In fact, the only nominated film about people who slaughter children at discos, blow up weddings, and bomb pizzerias and buses filled with men, women and children is one that attempts to show these murderers in God's name as complex human beings. Just imagine how the Academy would have reacted 60 years ago to a film depicting Nazi murderers as complex human beings. We have descended far.
We in Hollywood walk around thinking we are very important. That is why this year's nominated films for best picture are largely pictures with messages, pictures that relatively few people actually see. But although Hollywood was always concerned with politics, we have let ourselves be taken over by those for whom their message is more significant than the primary purposes of film -- to illuminate life and to entertain. Yes, entertain.

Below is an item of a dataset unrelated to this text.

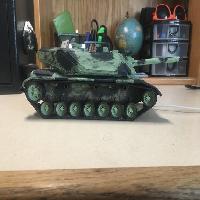 One of my first 3D Printing projects, a custom MBT based on the M1A2 Abrams, with some personal touches. Not a perfect design from a 3D-printing standpoint, as I didn't realize the importance of tolerances when I designed this, but it all still works.

You know, entertainment is actually a noble pursuit. Life is difficult for almost every human being on earth. And if we can offer people an elevated way to divert their attention for a couple of hours from their troubled child, their marital tensions, their ill parent, their financial woes, we have rendered the world a greater service than by making another message-film against racism in America, the least racist country in the world.

My fellow actors, we walk around feeling that we are very important. But we do so only because we confuse fame with significance. We do have more fame than any other human beings in history. Far more people have heard of any actor here tonight than of any of the discoverers of any medication saving billions of lives, of any teacher of the disabled, of any nurse tending the aged, of almost any national leader.
But the truth is that, as noble a calling as acting can be, all we do is make-believe: We portray other people, and we speak words written by other people. Everyone knows our names, but almost no one knows us. All they know are the characters we play.

Thank you again. I hope I haven't ruined your evening.


Dennis Prager is a radio talk show host, author, and contributing columnist for Townhall.com.